Betreuungsbonus nach Vollendung des dritten Lebensjahres eines zu betreuenden Kindes?

Was wurde vor der Unterhaltsreform um den Betreuungsbonus gestritten: Frauen, die minderjährige Kinder betreuten und zusätzlich mehr arbeiteten, als sie nach dem damaligen Altersphasenmodell gemußt hätten, wurden nur ein Teile ihrer Einkünfte bei der Unterhaltsberechnung angerechnet. Ein Teil der Einkünfte, eben jener Betreuungsbonus, blieb anrechnungsfrei außen vor.

Das gab regelmäßig Streit, weil die Männer dies nicht nachvollziehen konnten; denn die Frauen zeigten doch, dass Betreuung und Erwerbstätigkeit durchaus miteinander vereinbar waren. Gerade Unternehmer und Selbständige, also Personengruppen, die ohnehin viel arbeiten (müssen), vermochten dies kaum nachzuvollziehen. Die Gerichte aber sprachen den Betreuungsbonus regelmäßig mit der Begründung zu, Arbeit plus Alleinerziehung sei eben eine Mehrbelastung, die einen solchen Bonus als Ausgleich rechtfertige.

Und nun scheint alles anders! Die Unterhaltsreform, die sich langsam auch bei den Gerichten ihren Weg bahnt, hat nun genau diese alte Argumentation der Männer bestätigt, also eine 180 Grad Kehrtwende vollzogen. So hat jüngst das OLG Düsseldorf, immerhin ein Oberlandesgericht, dessen Rechtsprechung sich in Familiensachen stets besonderer Beachtung erfreut, genau das entschieden. Die tatsächliche Ausübung einer Berufstätigkeit neben der Betreuung eines Kindes nach Vollendung des dritten Lebensjahres, indiziert die Vereinbarkeit der Tätigkeit mit den Belangen des Kindes. Der Abzug eines Betreuungsbonus oder eine Teilanrechnung der tatsächlich erzielten Einkünfte kommt deshalb im Regelfall nicht in Betracht.

Aber genau diese Argumentation wurde zuvor jahrelang als falsch eingestuft, obwohl der Vorrang oder Grundsatz der nachehelichen Eigenverantwortung beim Unterhalt keine Erfindung der Unterhaltsreform ist. Denn den gab es schon davor, nur hatte ihn die Rechtssprechung von der Regel zur Ausnahme deklassiert.

Mit Genugtuung dürften daher all jene die vorgenannte Entscheidung aufgenommen haben, die den Betreuungsbonus schon immer für verfehlt gehalten haben. Die Entscheidung zeigt allerdings auch, dass die Rechtsprechung bisweilen deutliche Impulse von außen braucht, wie hier die Unterhaltsreform vom 1.1.2008, um ihre eigene Spruchpraxis kritisch daraufhin zu überprüfen, ob sie den sich stetig verändernden gesellschaftlichen Verhältnissen noch gerecht wird.

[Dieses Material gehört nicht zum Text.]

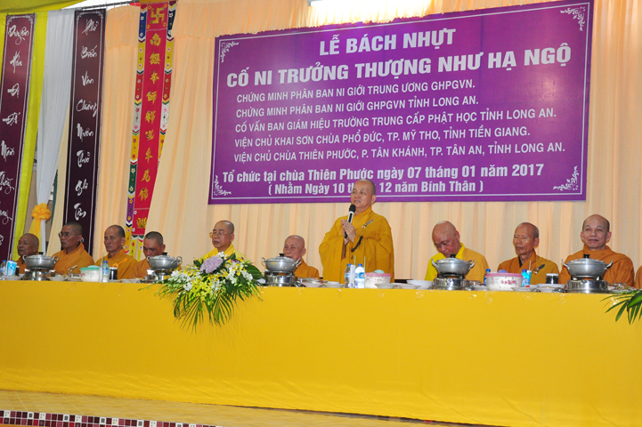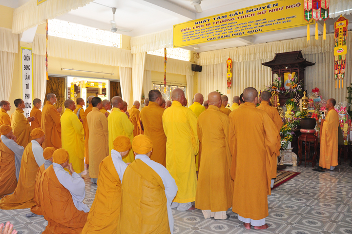 Với thâm tình Linh Sơn cốt nhục, với lòng từ bi thương tưởng hàng môn nhân pháp quyến, nhưng vì Phật sự đa đoan, chiều ngày 06/01/2017 (09/12/Bính Thân), chư tôn giáo phẩm BTS GHPGVN TP. HCM gồm HT Thích Thiện Tánh, Phó chủ tịch HĐTS GHPGVN, Phó trưởng Ban thường trực BTS GHPGVN Tp Hồ Chí Minh); HT Thích Tịnh Hạnh, Phó BTS GHPGVN Tp. Hồ Chí Minh; HT Thích Như Tín, Trưởng môn phái Lâm Tế Chúc Thánh Việt Nam, Phó BTS GHPGVN Tp Hồ Chí Minh, đã thùy từ quang lâm Ni viện Thiên Phước đốt hương tưởng niệm giác linh cố Ni trưởng, sách tấn chư môn nhân pháp quyến.

Für die Unterhaltsschuldner, meist die Männer ein positives Signal und aus meiner Sicht ein längst überfälliges. Und noch ein Wort zur Mehrbelastung durch Arbeit und Kindesbetreuung: Vielleicht sollten die Frauen und Gerichte in diesem Zusammenhang einmal die Angebote vieler unterhaltszahlenden Väter, sich verstärkt an der Kindesbetreuung zu beteiligen, wohlwollender prüfen und berücksichtigen. Denn auch das war für mich nie ganz verständlich. Das Angebote der Väter, sich hier verstärkt in der Kindebetreuung zu engagieren und die Mütter zu entlasten, regelmäßig abgelehnt wurden, und es für die Mütter dann auch noch einen Betreuungsbonus gab. Hier besteht noch allseits großer Bedarf, die Rechtswirklichkeit an die veränderte Lebenswirklichkeit mit sich stetig veränderten Anforderungen an Arbeit, Schule und Kindesbetreuung anzupassen.